Кажется, моя анцилла оказалась еще ненормальнее, чем я. Она так и не сказала, что именно я могу отыскать на этой планете, но, судя по туманным намекам, это было нечто сногсшибательное.

По ее словам, раз в несколько месяцев с Эдома на Эрде-Тайрин отправлялся корабль с грузом провианта. С помощью анциллы я пробрался по лабиринту коридоров и тоннелей на стартовую платформу, проник на забитый до отказа корабль, перенастроил коды, чтобы меня не смогли обнаружить, и отправился в путь.

Теперь из бунтующего подростка-манипуляра я превратился в настоящего пирата, захватившего судно, – и сам удивлялся тому, насколько это оказалось просто. Слишком просто. Подозрительно просто.

Но анцилла не способна завести своего Предтечу в ловушку! Это противоречило самой ее природе. Верность хозяину была краеугольным камнем самого ее существования.

Я не учел лишь того, что никогда не был ее хозяином.

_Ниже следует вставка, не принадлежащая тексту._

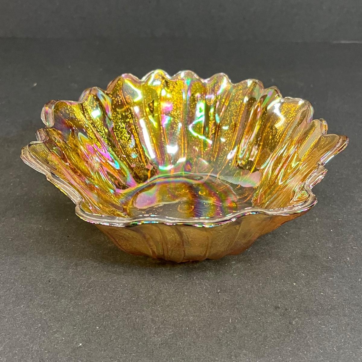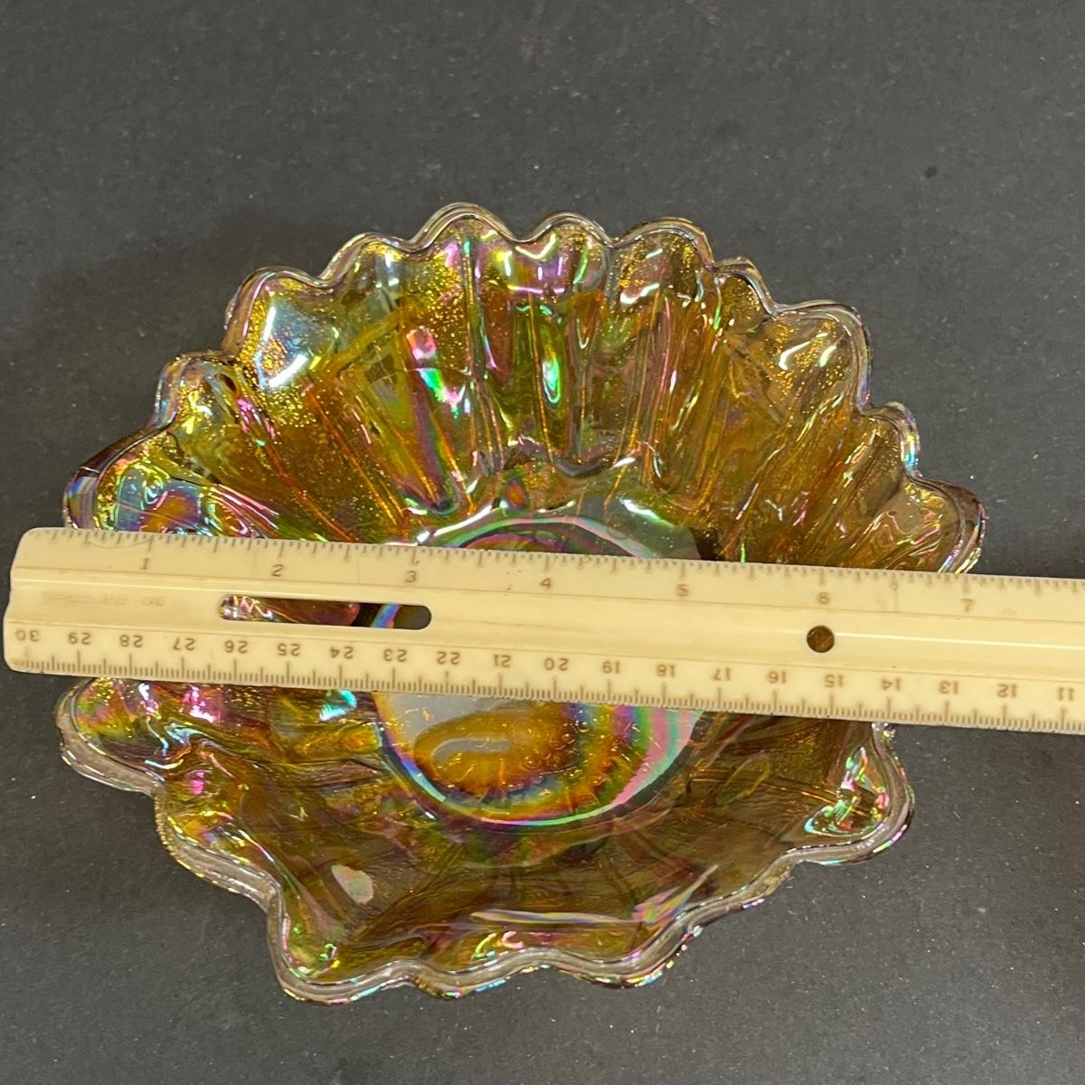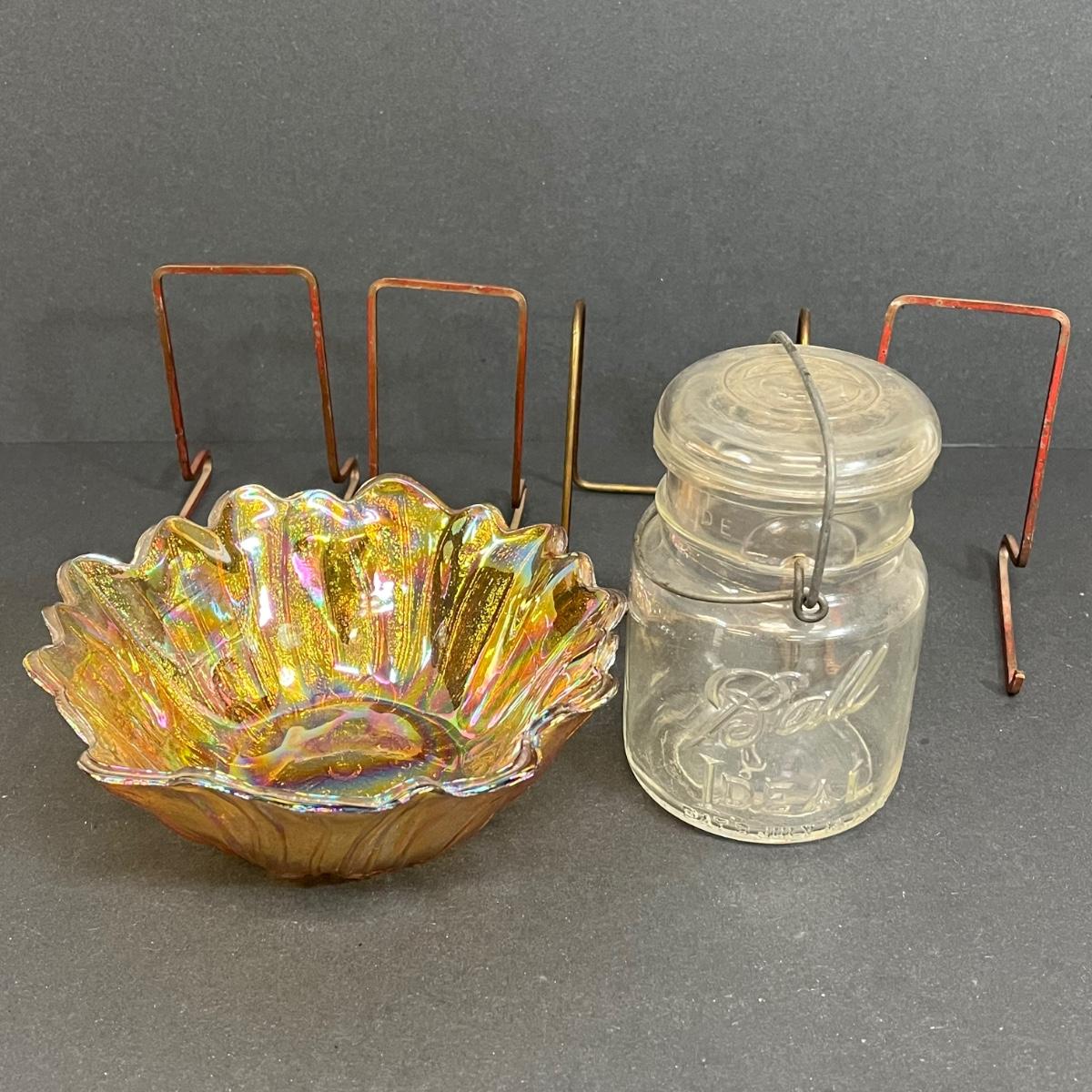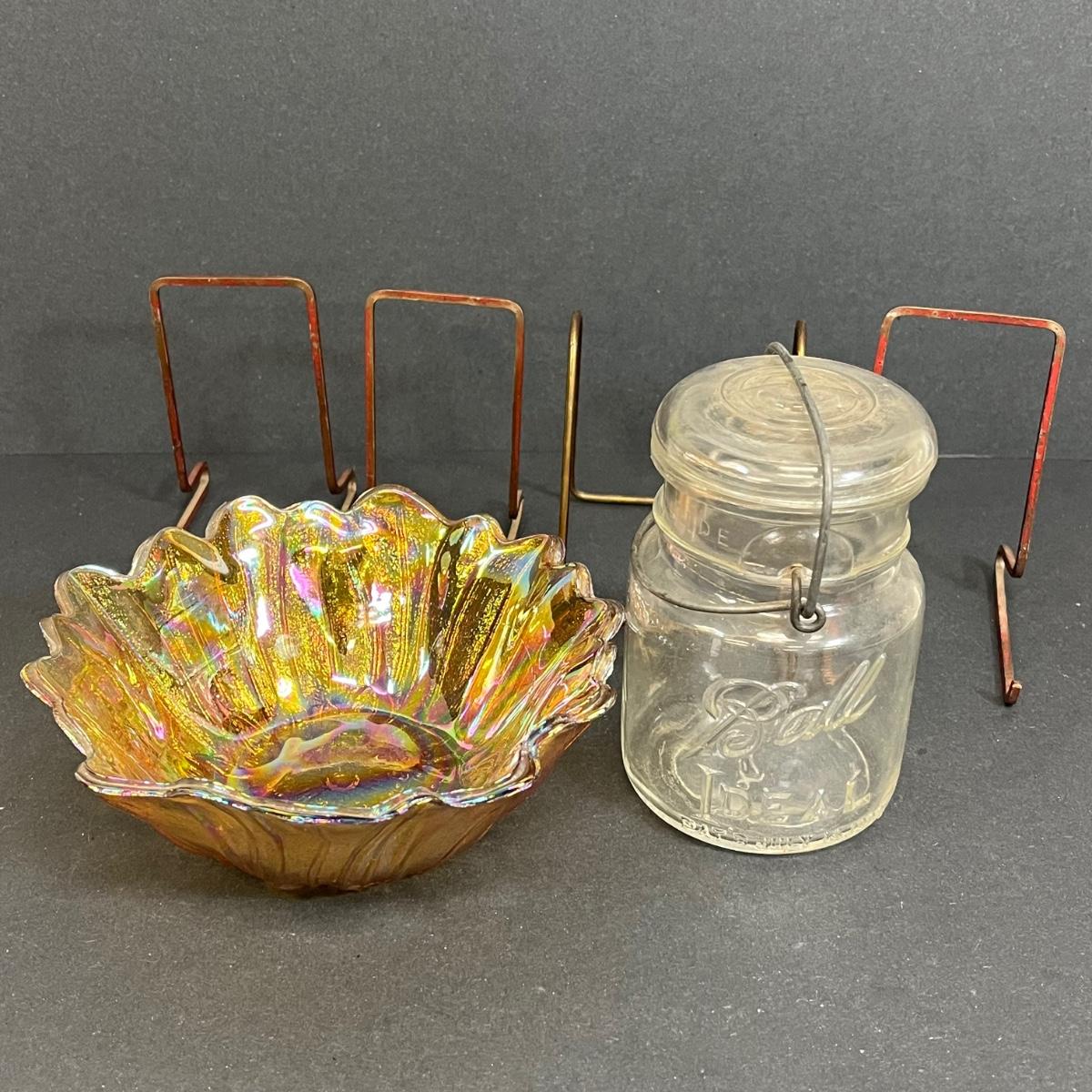 LOT 80: Vintage Carnival Glass Bowl, Ball Jar and Plate Stands

Я неохотно стянул нательную броню, раскрутил спираль на торсе, снял наплечные и наручные щитки, потом ножные щитки и ботинки. Тонкий бледный пушок щекотал меня на ветру. Непривычная к открытому воздуху кожа начала зудеть, и я с трудом одолел соблазн почесаться.

Лежащая на палубе броня все еще сохраняла форму моего тела. Интересно, что теперь будет с анциллой, впервые за три года оставшейся без контакта со мной. Уснет она или будет дальше работать вхолостую?

– Хорошо, – сказал Чакас. – Экипаж сохранит это для тебя.

– Не сомневаюсь, – отозвался я.

Чакас и малютка-флорианец – или хамануш и чамануш, как они сами себя называли, – присоединились к обсуждающему наше положение экипажу. Разговор там по-прежнему велся шепотом: любой громкий звук мог спровоцировать мерса на атаку. Ничто не раздражало подводное чудовище сильнее постороннего шума, тут не спасало даже пение. Говорят, после шторма мерс несколько дней пребывал в таком расстройстве, что проход по внутреннему морю становился просто невозможным.

Чакас вернулся, покачивая головой.

– Они попробуют песни трехлунной давности, – сказал он. – Мерс редко сочиняет новые мелодии. У них что-то вроде цикла.

Бот резко развернулся, и я рухнул на палубу рядом с нательной броней.

Чакас слышал странные истории о древних запретных зонах, скрытых внутри Джамонкина. Благодаря своим исследованиям я понял, что именно на Эрде-Тайрине мог быть спрятан Органон – величайшее сокровище, способное реактивировать все артефакты Предвозвестников. После короткого перелета через шестьдесят световых лет, пустяшного путешествия в сто миллионов километров, я оказался как никогда близок к своей главной цели. Все должно было пройти гладко, я щедро заплатил своим проводникам. Что же пошло не так?

Мерс всплыл на поверхность с правого борта, разрезая волны серо-фиолетовыми плавниками. Я ощутил, как его длинные черные зубы вгрызаются в деревянный корпус…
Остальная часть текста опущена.